2024-10-29 Better Sample Data Meeting notes

\uD83D\uDDD3 Date

15 Oct 2024

\uD83D\uDC65 Participants

Yogesh Kumar, Lee Braginsky, Charlotte Whitt , Kristin Martin Autumn Faulkner(NA) , Alissa Hafele(regrets) Tod Olson

\uD83E\uDD45 Goals

Follow up on the status of discussion topics and task

\uD83D\uDDE3 Discussion topics

Time

Item

Notes

Letter to Risk Office at Michigan State University Libraries

Stanford is working on sample authority data to be ready soon for the snapshot environment.

Follow up on activities since last meeting:
1. Update on - Golden copy for Bugfest environment.
2. Update on - Work on a small data set for FOLIO Snapshot.
3. Update on POC findings - write robust data anonymization scripts

Finalize the letter for the MSU dean.

The topic was on the agenda for today’s meeting with the OLF Officers. The plan was to attend and present the purpose of the letter and our draft document.

We missed it - Autumn Faulkner is to forward the letter to Simeon Warner and then we will have the conversation on Slack in stead.

Kristin sent Folio and OLF images for the letterhead.

Autumn Faulkner- We need to finalize the Google Doc with the revised version of the letter to be brought to the

Identified MARC formatted holding records; we still need an instance to go with it.

a. Golden Copy / Yogesh Kumar

The environment was created by the Kitfox team and updated by QA. The Kitfox team is now working on fixing the issues listed here /wiki/spaces/DQA/pages/203685917

All work is done by now. Cleaning duplicate scripts is not easy, and teams are busy wrapping up Ramsons' features. Writing such scripts may be possible in the sunflower release. For Ramson, we will have to manually clean it, if needed.

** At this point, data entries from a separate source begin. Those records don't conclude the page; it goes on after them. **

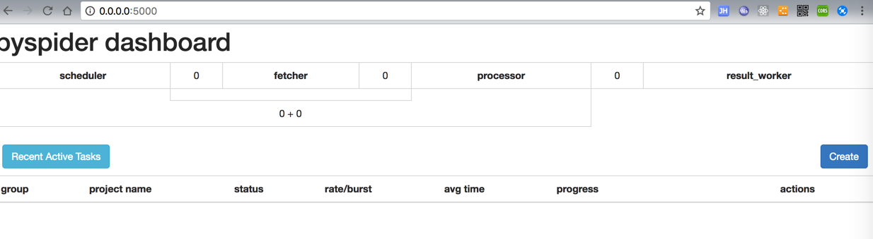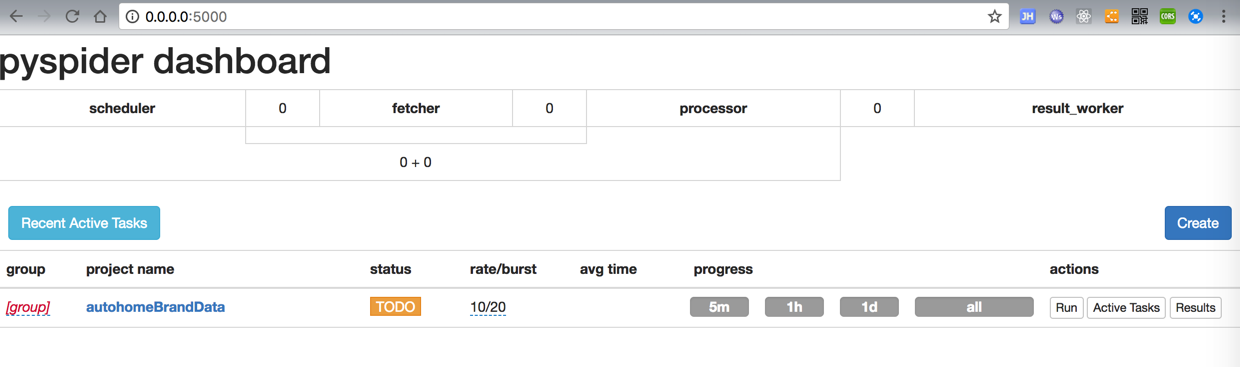 <code>➜ AutocarData pyspider -c config.json all phantomjs fetcher running on port 25555 AutohomeResultWorker init resultdb=<pyspider.database.mysql.resultdb.ResultDB object at 0x1025b3c18>, inqueue=<pyspider.libs.multiprocessing_queue.MultiProcessingQueue object at 0x1025b3a20> connect mysql ok, self.connection= <pymysql.connections.Connection object at 0x102763d30> Connect mysql return True self.mysqldb=<AutohomeResultWorker.MysqlDb object at 0x102763cc0> [I 180508 21:13:12 result_worker:49] result_worker starting... [I 180508 21:13:12 tornado_fetcher:638] fetcher starting... [I 180508 21:13:12 processor:211] processor starting... [I 180508 21:13:12 scheduler:647] scheduler starting... [I 180508 21:13:12 scheduler:126] project autohomeBrandData updated, status:TODO, paused:False, 0 tasks [I 180508 21:13:12 scheduler:782] scheduler.xmlrpc listening on 127.0.0.1:23333 [I 180508 21:13:12 scheduler:586] in 5m: new:0,success:0,retry:0,failed:0 [I 180508 21:13:12 app:76] webui running on 0.0.0.0:5000 </code>
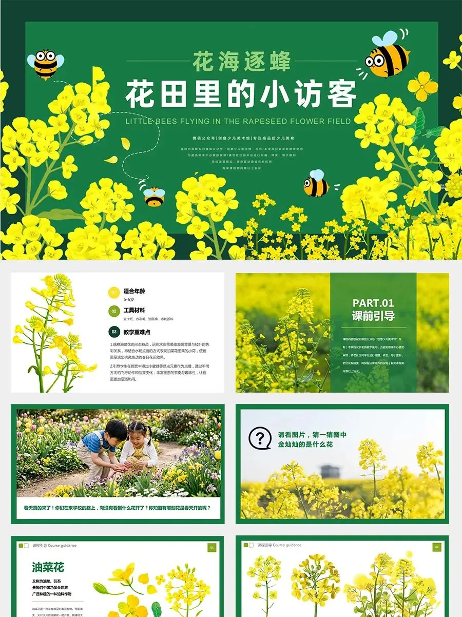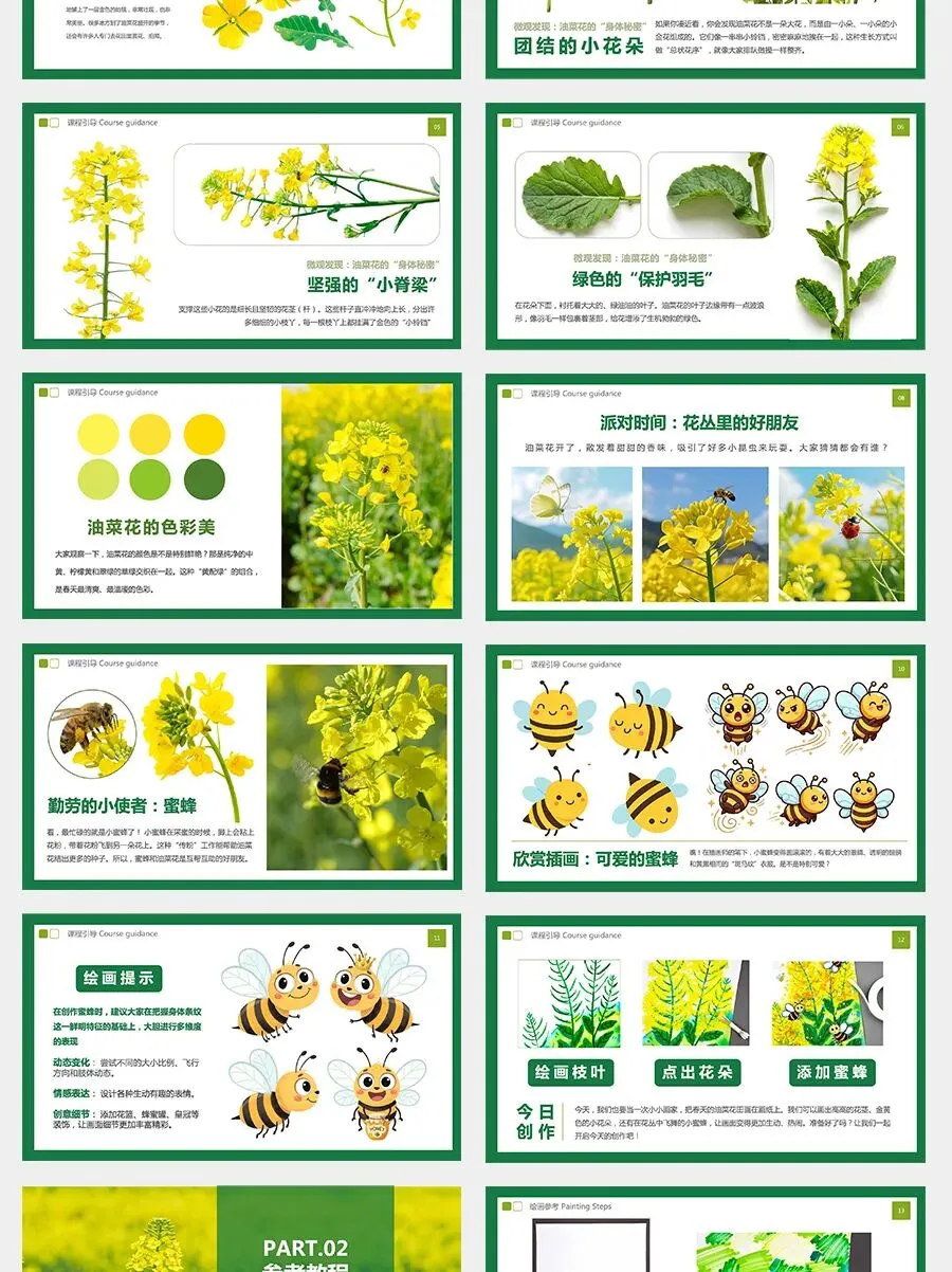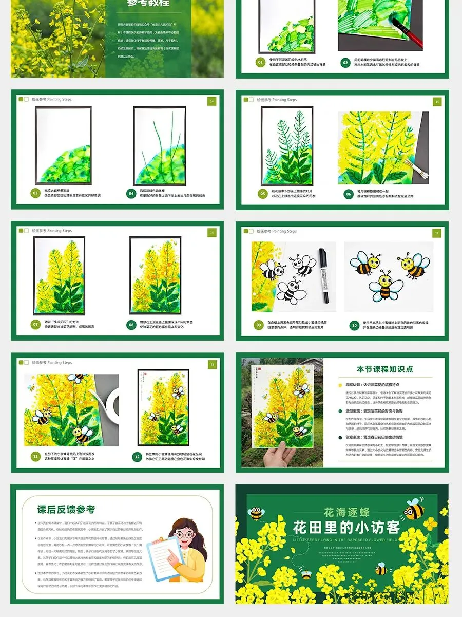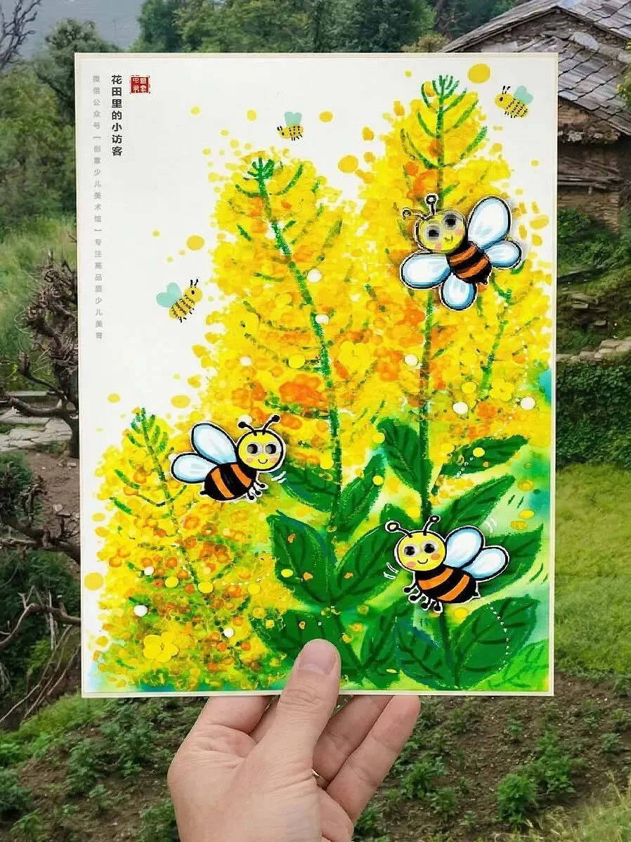 今天,我们也要当一次小小画家,把春天的油菜花田画在画纸上。我们可以画出高高的花茎、金黄色的小花朵,还有在花丛中飞舞的小蜜蜂,让画面变得更加生动、热闹。准备好了吗?让我们一起开启今天的创作吧!
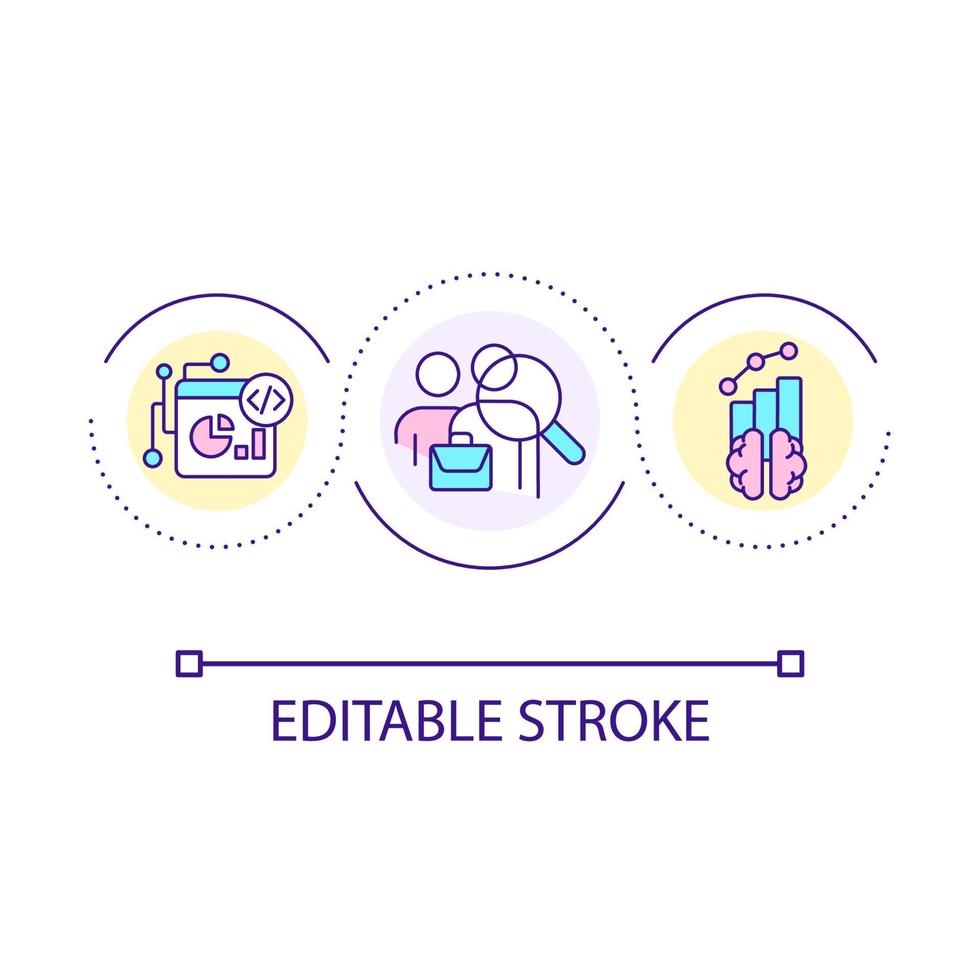 Hiring data science engineers loop concept icon. Information processing specialists abstract idea thin line illustration. Isolated outline drawing. Editable stroke Pro Vector
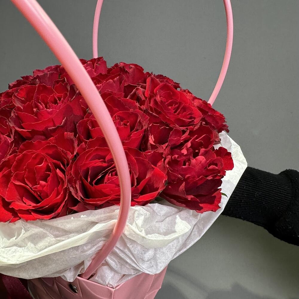 Стильная, элегантная и абсолютно незабываемая — цветочная сумочка из 15 красных роз покорит сердце с первого взгляда.
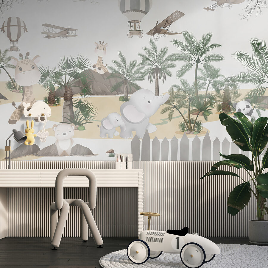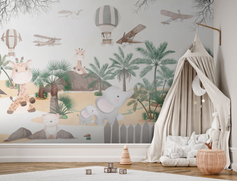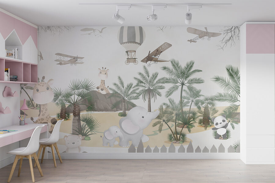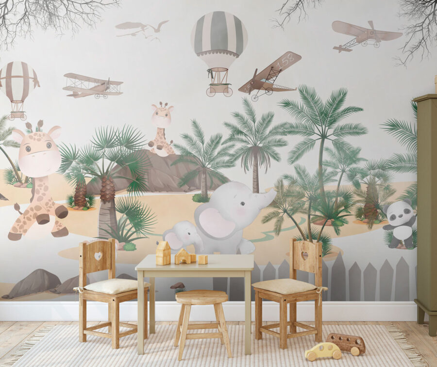 Transform any room into a whimsical escape with this charming wall mural featuring a delightful giraffe amid swaying palm trees. It’s like bringing a slice of the savanna right into your living room—without the humidity! Picture it: kids giggling as they spot the friendly elephant and curious panda peeking out, and how could anyone resist that giraffe’s adorably oversized cheeks? This mural adds a touch of adventure and imagination, making it perfect for playrooms or nurseries. The colors are soft and soothing, creating a relaxed vibe, while the playful characters spark joy and wonder. So, if you’re dreaming of a space that feels fun yet cozy, this mural is a fantastic pick. Who wouldn’t smile every time they walked by?
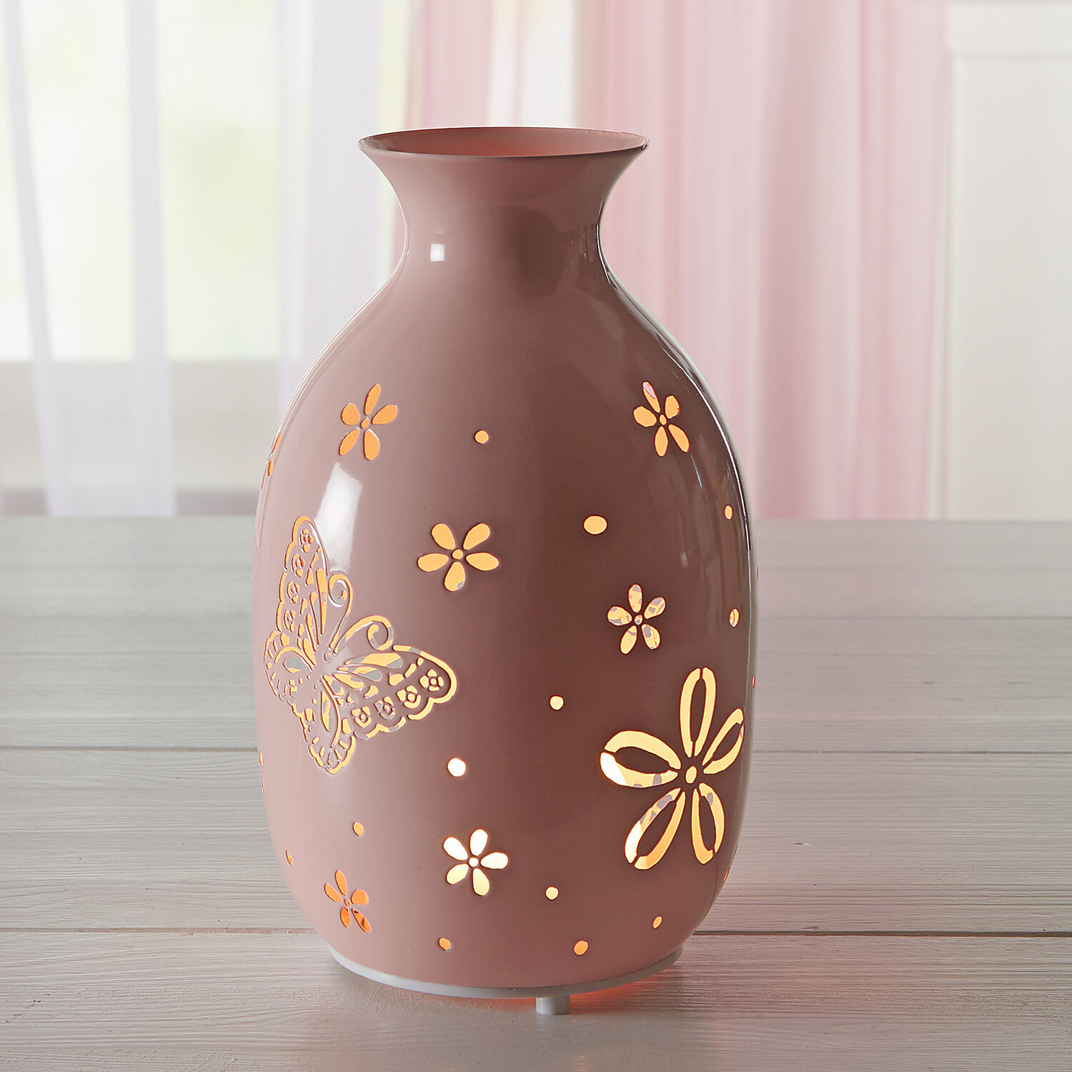 Tato perforovaná váza s motýly a květinami překvapí barevnou hrou světla a barev – úžasný efekt! Stmívač a 4 barevné režimy lze snadno ovládat pomocí dálkového ovladače. S USB připojením. Perforovaný kov. Včetně dálkového ovladače. 4 barevné režimy + stmívač. Není vhodná pro vodu. Eldo.
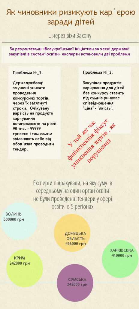 Проблема № 1. Чиновники-освітяни змушені уникати проведення відкритих торгів, через розтягнутість у часі. Як наслідок, ризикуючи власними посадами, держслужбовці вдаються до хитростей. Відповідно до статті 2 Закону України «Про здійснення державних закупівель» відкриті торги необхідно проводити, якщо очікувана вартість товару(яку замовник визначає самостійно) становить 100 тисяч гривень або більше. Якщо визначена вартість менше 100 тисяч, тоді замовник не проводить торги, а власноруч визначає постачальника. Така процедура називається «підпорогові» закупівлі. У 5-ти областях із 64 конкурсних комітетів управлінь, відділів у сфері освіти та шкіл, підпорогові закупівлі виявлені у 46(71,9%). Варто відзначити, що моніторинг охопив всі регіони України. У Волинській області середня сума «підпорогових» на один орган освіти складає більше 500 тис. гривень. На Донеччині - 456 тис. гривень. В Харківській області - 410 тис. гривень. В Криму – 242 тис. гривень. На Сумщині – також близько 242 тисячі. Таким чином, сума підпорогових закупівель, по яким не проводили торги на одну область може сягати десятки мільйонів бюджетних коштів.
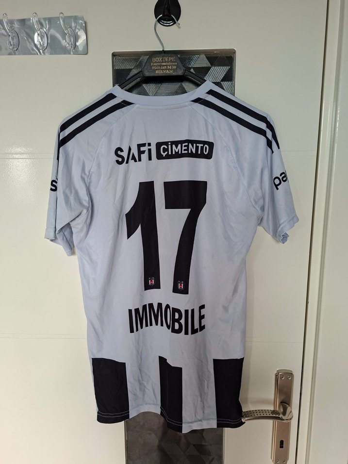 Gri renkli, kısa kollu, bisiklet yaka ve baskılı detaylara sahip erkek spor formasıdır. Velcro özelliği bulunur, 17 numara ve IMMOBILE yazısı vardır. ♂️
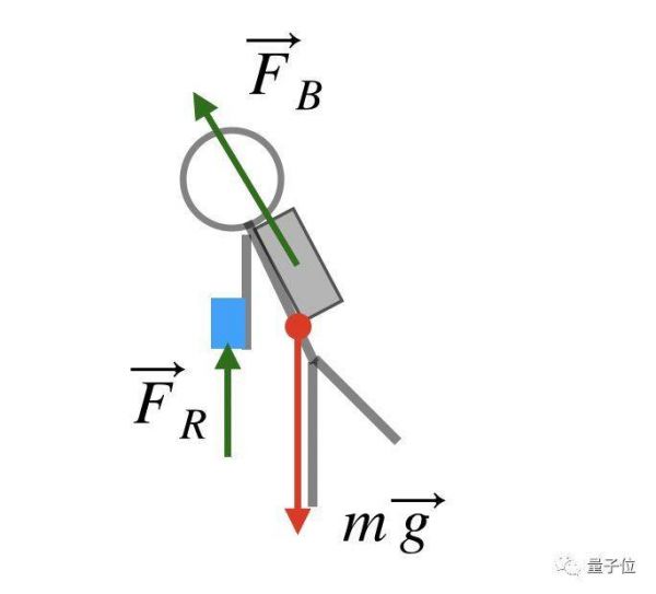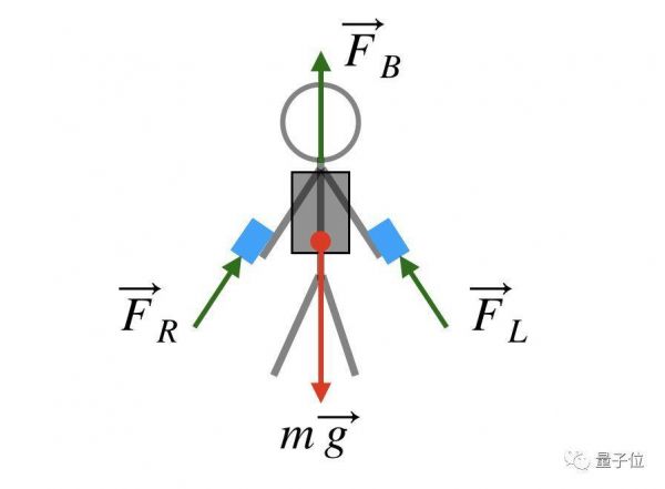 因为这样一来,就会受到4个力的作用:有向下的重力(mg),来自背包喷射产生的向上的推力(FB),以及来自两个手臂喷射装置向上的倾斜的力(FR和FL),各个力的方向与构造大致如下图所示:
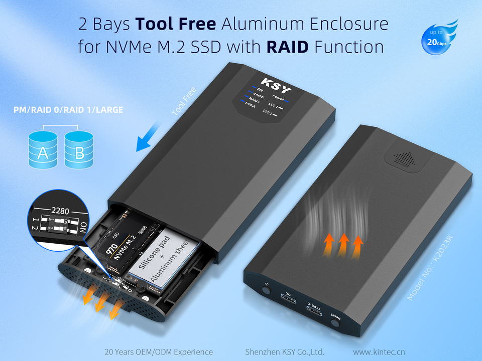 Nom du produit:2 baies Type C En Aluminium RAID NVMe M.2 SSD Boîtier
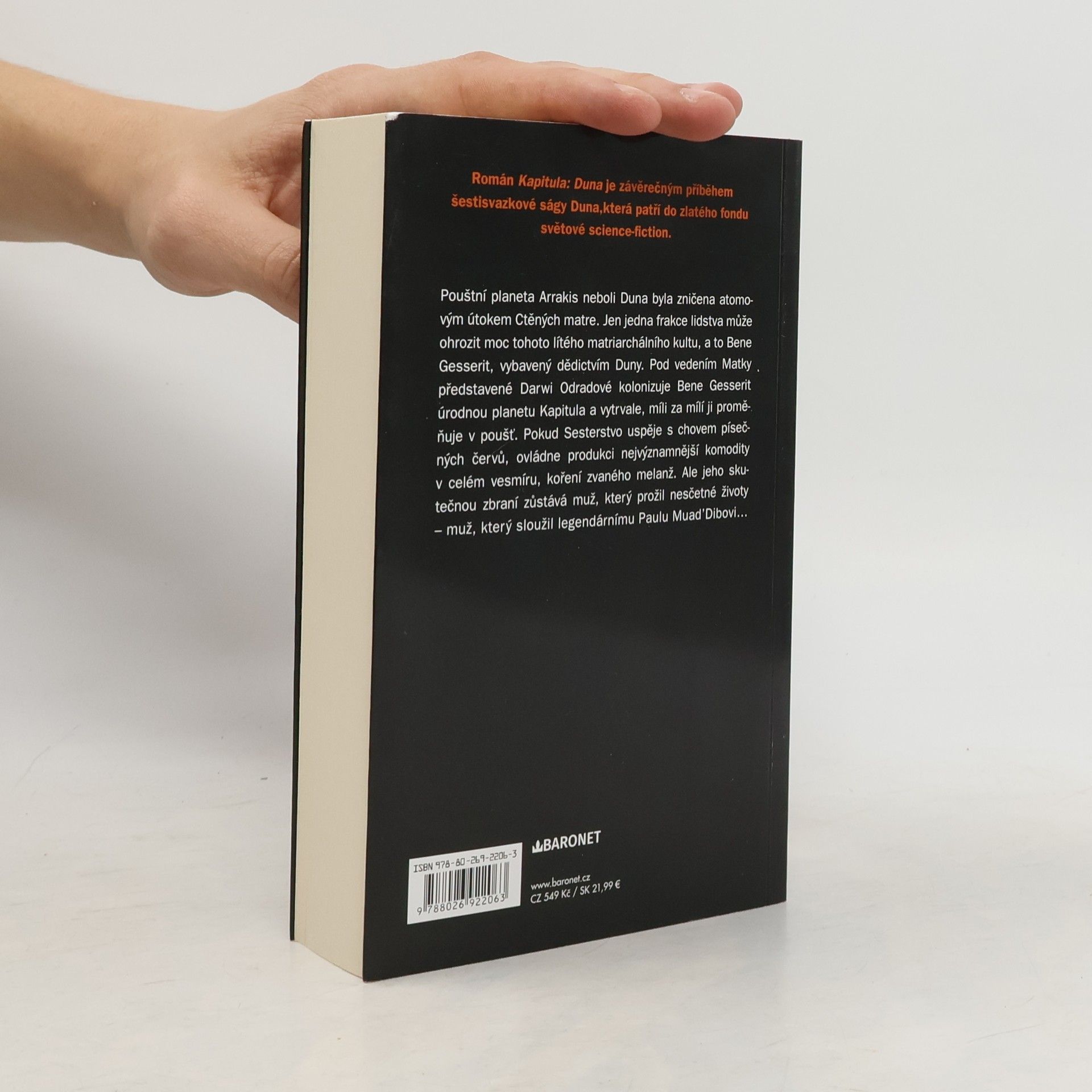Kapitula: Duna - retro vydání. Šestý díl světoznámé série! Pouštní planeta Arrakis byla zničena. Pod vedením Matky představené Darwi Odradové kolonizuje Bene Gesserit úrodnou planetu. Pokud Sesterstvo uspěje s chovem písečných červů, ovládne produkci nejvýznamnější komodity v celém vesmíru, koření zvaného melanž. Ale jeho skutečnou zbraní zůstává muž, který prožil nesčetné životy – muž, který sloužil legendárnímu Paulu Muad’Dibovi…

Charlotte can check with Charles Ledvina, how he would recommend to identify duplicates.
Update: Charles Ledvina dedupe records based on the legacy systems control number. In other words, since I use the legacy control number as HRID, if the HRID has already been seen, then the record gets rejected.

In Bugfest - depending on the source of the records - then most likely, the legacy control number would be the OCLC number. Can we do dedupe OCLC number?

b. Snapshot environment. Update from Charlotte Whitt: Still waiting for the environment - monthly build environment: https://folio-quesnelia.dev.folio.org/ to be built.

Update: Charlotte are trying to get this to move. Status is the work is still Open (To do).

Recruit members from MM-SIG - extra eyes, review the records updated in FOLIO Instance = FOLIO - Still waiting on env.

Status:

Autumn has provided sample data for music records and serials records with multiple holds and multiple items. Holdings statements to be added.

These records are loaded to this groups shared drive.

Write up Data Import Job profiles - Kristin Martin?

Data Import Job Profile which can import ~ 100 bibs in MARC 21 and create instance, holdings, item (corresponding to the locations we have set up). MM-SIG eyes on the 100 bibs. That these records has the right mix of misc. types, to cover the basic; incl. bound-with.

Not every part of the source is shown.